Pakistan suffers from the second largest numbers of HCV infections and CLDs accounts for the fifth most common reasons behind mortality and morbidity across the country, thereby earning the nickname “the cirrhotic state”. In Pakistan approximately 68% of HCC is caused by HCV related cirrhosis (Parkash and Hamid, 2016; Abbas and Abbas, 2020). Pakistan has pledged to the aspiring objective of eradicating HCV by 2030. A disturbing reality about the HCV prevalence in Pakistan is that over the last three decades, the high rates of infections are strikingly persistent with no evidence for a decline (Mahmud et al., 2019), making it almost impossible to achieve the goal in the near future. Pakistan has HCV genotype 3 (subtype 3a) as the most prevalent genotype across the country. Increasing clinical and experimental data show that HCV genotype 3 in involved in a more rapid advancement of CLDs i.e., accelerated fibrosis progression rate, increased cirrhosis and higher incidence of HCC (Ampuero et al., 2014; Goossens and Negro, 2014), by producing cytopathic effects during the damage of the liver (Kumar et al., 2002; Rubbia-brandt et al., 2000). As the number of unidentified chronic HCV infections increase (due to under-screening), one of the long term consequences could be an escalation in the numbers of cirrhotic patients and HCC across Pakistan which will put a direct and enormous pressure on the underprivileged healthcare system of the country.

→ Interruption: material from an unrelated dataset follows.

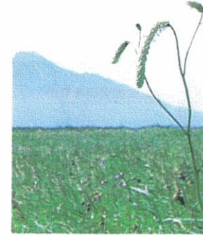
▲ナガボノシロワレモコウ 花8月上旬～9月下旬

Liver cirrhosis and fibrosis cause basic fundamental changes in hepatic architecture induced distortion through formation of bridging fibrous septae and necrosis with simultaneous regenerative nodules formation. There are various etiological factors for development of CLD having cirrhotic histology. In the current study, it is also identified that HCV-induced CLD causes enhanced accumulation of fibrous bands. Their first evidence is the activation of α-SMA, HSCs and their transmigration from perisinusoidal spaces to the site of injury compared to the normal liver tissues. Our finding regarding the activation of HSCs in chronic HCV infection compared to normal liver are in support with previously reported findings (Schmitt-Gräf et al., 1991; Yamaoka et al., 1993; Guido et al., 1996; Ueno et al., 1997; Martinelli et al., 2004; Xaus et al., 2000). The magnitude in the increase expression of HSCs in the chronic HCV liver disease compared to normal liver depends on the number of samples and severity of infection as identified by immunohistochemistry techniques (Yamaoka et al., 1993; Guido et al., 1996; Martinelli et al., 2004; Xaus et al., 2000). We found enhanced α-SMA-positive cells in the liver of HCV patients compared to normal livers.

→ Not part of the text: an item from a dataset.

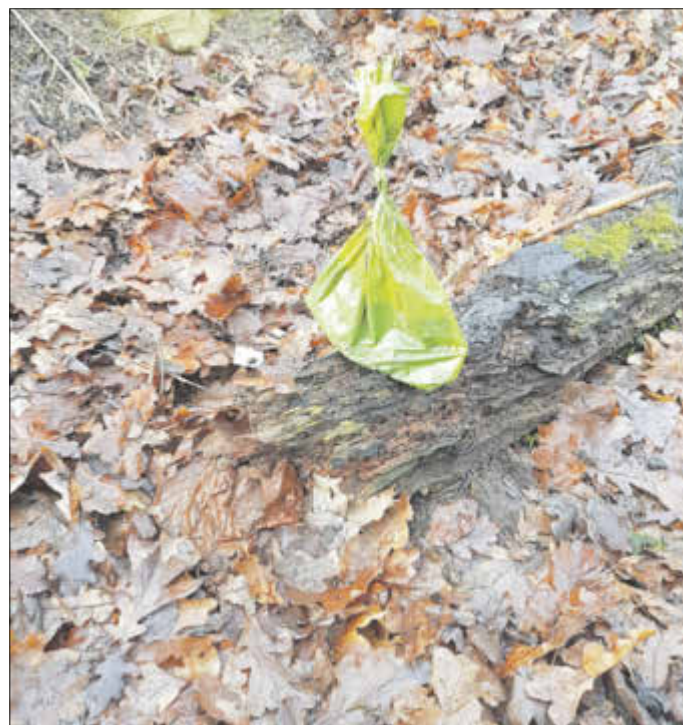
Dörpling Bahndamm, 27.01.2021

A decrease of KCs was identified in the lobular area of normal liver while slender shaped cells located in the fibrous band in chronic HCV liver. In some liver tissues of HCV positive patients a decrease of KCs might be due to programmed cell death during infection (Xaus et al., 2000). Moreover, HCV infection can stimulate liver macrophages which can release pro-inflammatory mediators and an elevation of IL-10 in the serum. The association of Ki67 expression in HCV positive liver tissues showed strong positivity for nuclear membrane of hepatocytes. Other studies have pointed out that cirrhosis association with dysplastic changes found negative for Ki67. In our study, overall, an enhanced Ki67 labeling index was observed in the chronic liver injury of liver (Mocanu et al., 2012).

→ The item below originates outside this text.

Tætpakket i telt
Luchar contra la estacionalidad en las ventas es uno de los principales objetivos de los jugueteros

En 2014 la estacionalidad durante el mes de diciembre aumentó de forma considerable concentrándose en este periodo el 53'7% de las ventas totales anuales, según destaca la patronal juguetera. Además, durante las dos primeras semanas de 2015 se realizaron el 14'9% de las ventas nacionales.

During analysis we found that liver of fibrotic and cirrhotic patients represented predominant expression of Arg-1 in contrast to other normal tissues. Both in normal and chronic HCV liver Arg-1 exhibited verbose cytoplasmic expression together with irregular nuclear reactivity. It showed the sensitivity and specificity of Arg-1 for cirrhotic liver samples and the same reactivity was also identified using HepPar1 (Fan et al., 2003). Other studies also indicated their reactivity in both cases which is supportive for our work (de Gonzalez et al., 2015).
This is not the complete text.